This is from a very shoddy source. Please look up many praises of a horse named Dadhikras in Rgveda
In many societies with horses, horses are given proper names.
Of course.
d) The concept of chariot itself reveals a lot about how the "Aryans" looked at the horse. Why chariots? Why not riding the horse directly?
Again wrong claim, horse back riding is mentioned in Rgveda read RV 5.61,2
RV_05.061.02.1 kva vo 'śvāḥ kvṛbhīśavaḥ kathaṃ śeka kathā yaya
RV_05.061.02.2 pṛṣṭhe sado nasor yamaḥ

The Maruts described as seated on horse back and horse having reins in the nose.

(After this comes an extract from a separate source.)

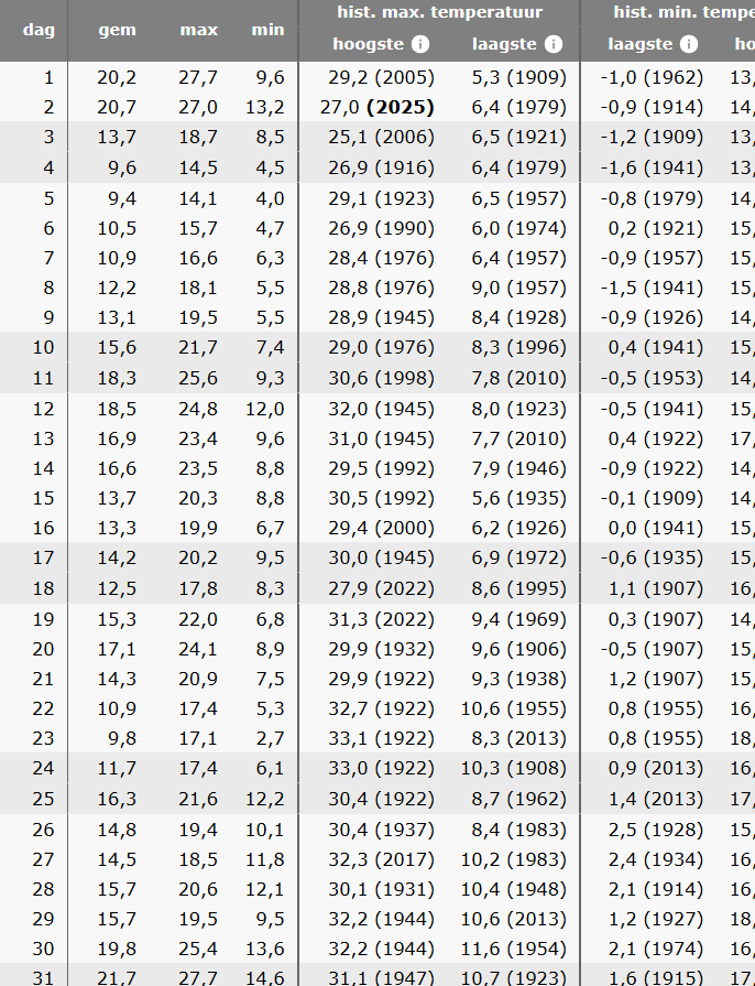 In 1922 alleen al 5 dagrecords. 1945 doet ook goed mee met 4 dagrecords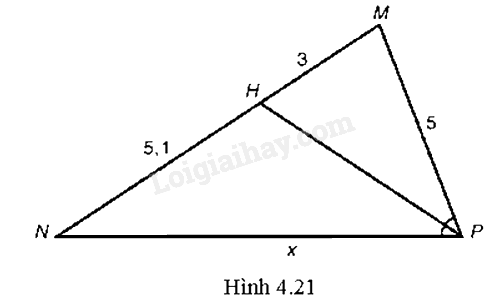 Suy ra \(\frac{{MH}}{{NH}} = \frac{{MP}}{{NP}}\) (tính chất đường phân giác trong tam giác), hay \(\frac{3}{{5,1}} = \frac{5}{x}\)

Why horse back riding was not popular for warriors - the invention of stirrup hadn't yet happened (It's another Indian invention BTW). This makes doing battle on horse very difficult (balance). That's why it was more practical for a warrior to stand on the chariot and hurl spears or shoot arrows. It allowed for better balance and freed both hands for battle. The warrior is called "rathesta", literally standing on the chariot.
After all in the Steppes, the people are much more inclined to ride their horses, and fight while mounted,
Again a very unsubstantiated claim. Read David Anthony "Horse, Wheel and Chariot". Horse back riding was first used for herding larger herds of cattle and in a larger area, not in battle. This is the summary of archaeological evidence (around page 223):
Many experts have suggested that horses were not ridden in warfare
until after about 1500-1000 BeE, but they failed to differentiate between
mounted raiding, which probably is very old, and cavalry, which was in-
vented in the Iron Age after about 1000 BeE.
...

<<On impracticality of horse back warfare in bronze age>>>

Mounted archery probably was not yet very effective before the Iron
Age, for three reasons. The bows reconstructed from their traces in steppe
Bronze Age graves were more than 1 m long and up to 1.5 m, or almost
five feet, in length, which would clearly have made them clumsy to use
from horseback

The invention of the short, recurved, compound bow (the "cupid" bow)
around 1000 BeE made it possible for riders to carry a powerful bow
short enough to swing over the horse's rear.

... These tactics (horseback warfare), and the soldier mentality
that went with them, were not applied to riders before 1000 BCE,
partly because the short bows and standardized arrows that would
make mounted archery truly threatening had not yet been invented
Doing battle while mounted on horse back needs greater skill and this was not prevalent until the invention of the stirrup. Horses were used in cattle raids to herd the cattle, but not directly in warfare.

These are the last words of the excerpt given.